In order to fulfill our goal of achieving a better prediction, we have a detailed plan on how to deal with the data:

1.We will clean our data by removing any of missing observations, as well as remove any predictor variables that are unnecessary for understanding.
2.Based on remaining variables, we will draw some graphs and plots on them to develop a better impression on how they related to a song’s presence on the official Spotify charts.
3. We will then perform a training/test split on our data, make a recipe, and set folds for the 10-fold cross validation we will implement. Logistic Regression, Random Forest,Gradient-Boosted-Trees, LDA, QDA and KNN models will be all used to deal withthe the training data when we finish the setup.
4. After we have results, we will select the best one based on their roc_auc score, and then fit it to our test data to make a prediction on “Yes” or “No”.

Exploring Our Data

we will load our data first and use clean_names() to make every variables standardized.

Loading our dataset

## loading the data
spotify_2023_raw<-read_csv("/Users/zhaolei/Desktop/131 final project/spotify-2023.csv")

## cleaning predictor names
spotify_2023_cleaned <- clean_names(spotify_2023_raw)

Describing the data

to better visualize the dataset, I create a table listed below and I also provide the codebook that enable readers to gain a better understanding of it.

# Using DT to view our data in table
datatable(
  head(spotify_2023_cleaned,50),
  options = list(
    pageLength = 10,      
    autoWidth = TRUE,     
    scrollX = TRUE        
  ),
  class = 'display compact' 
)

track_name: Name of the song
artist_name: Name of the artist(s) of the song
artist_count: Number of artists contributing to the song
released_year: Year when the song was released
released_month: Month when the song was released
released_day: Day of the month when the song was released
in_spotify_playlists: Number of Spotify playlists the song is included in
in_spotify_charts: Presence and rank of the song on Spotify charts
streams: Total number of streams on Spotify
in_apple_playlists: Number of Apple Music playlists the song is included in
in_apple_charts: Presence and rank of the song on Apple Music charts
in_deezer_playlists: Number of Deezer playlists the song is included in
in_deezer_charts: Presence and rank of the song on Deezer charts
in_shazam_charts: Presence and rank of the song on Shazam charts
bpm: Beats per minute, a measure of song tempo
key: Key of the song
mode: Mode of the song (major or minor)
danceability_%: Percentage indicating how suitable the song is for dancing
valence_%: Positivity of the song’s musical content
energy_%: Perceived energy level of the song
acousticness_%: Amount of acoustic sound in the song
instrumentalness_%: Amount of instrumental content in the song
liveness_%: Presence of live performance elements
speechiness_%: Amount of spoken words in the song

Visualizing the data

### Visually Checking Missing Data
vis_miss(spotify_2023_cleaned)

spotify_2023_updated<-spotify_2023_cleaned%>%
  select(-in_shazam_charts)

With 5 percent of missing data in variable in_shazam_chart, we do have to remove it.

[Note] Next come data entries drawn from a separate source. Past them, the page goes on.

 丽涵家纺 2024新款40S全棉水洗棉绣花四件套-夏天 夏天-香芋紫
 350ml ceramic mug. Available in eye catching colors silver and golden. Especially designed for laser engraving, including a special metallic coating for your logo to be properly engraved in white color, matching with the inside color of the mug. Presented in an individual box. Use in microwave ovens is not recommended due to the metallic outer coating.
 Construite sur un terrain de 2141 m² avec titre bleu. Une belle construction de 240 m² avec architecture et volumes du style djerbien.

Also, since it’s not a major platform, so we don’t have to worry too much about its influence on our result. Also, since we do not concern abbout value of Key, so we will remove it later when we do variable selection.

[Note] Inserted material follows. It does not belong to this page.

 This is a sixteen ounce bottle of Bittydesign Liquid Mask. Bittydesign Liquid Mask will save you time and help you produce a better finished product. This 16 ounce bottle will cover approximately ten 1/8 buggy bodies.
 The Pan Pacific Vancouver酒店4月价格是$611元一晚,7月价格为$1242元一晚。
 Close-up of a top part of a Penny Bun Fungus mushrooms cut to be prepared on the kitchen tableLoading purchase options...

Tidying the data and converting factor

Data Transformation:
Converts in_spotify_charts to a factor with levels “No” and “Yes”.
Converts in_apple_charts and in_deezer_charts to binary factors (0 and 1).
Converts mode to a binary factor where “Major” is 0 and any other value is 1.
Scales down streams by dividing by 1,000,000.

Data Cleaning:
Removes rows with any missing values.

Variable Selection:
Selects a specific set of predictor variables for further analysis and creates a new data frame spotify_2023_updated.

## creating dummy variable for predictor and response
spotify_2023_cleaned <- spotify_2023_cleaned %>%
  mutate(
    in_spotify_charts = as.factor(ifelse(in_spotify_charts == 0, "No", "Yes")),
    in_apple_charts = as.factor(ifelse(in_apple_charts == 0, 0, 1)),
    in_deezer_charts = as.factor(ifelse(in_deezer_charts == 0, 0, 1)),
    mode = as.factor(ifelse(mode == "Major", 0, 1)),
    streams = as.numeric(streams) / 1000000 # we make this smaller
  ) %>%
  filter(complete.cases(.))



## Variable Selection
predictor_of_spotifychart<-c("artist_count","in_spotify_charts","in_spotify_playlists","streams","in_apple_playlists","in_apple_charts","in_deezer_playlists","in_deezer_charts","bpm","mode","danceability_percent","valence_percent","energy_percent","liveness_percent")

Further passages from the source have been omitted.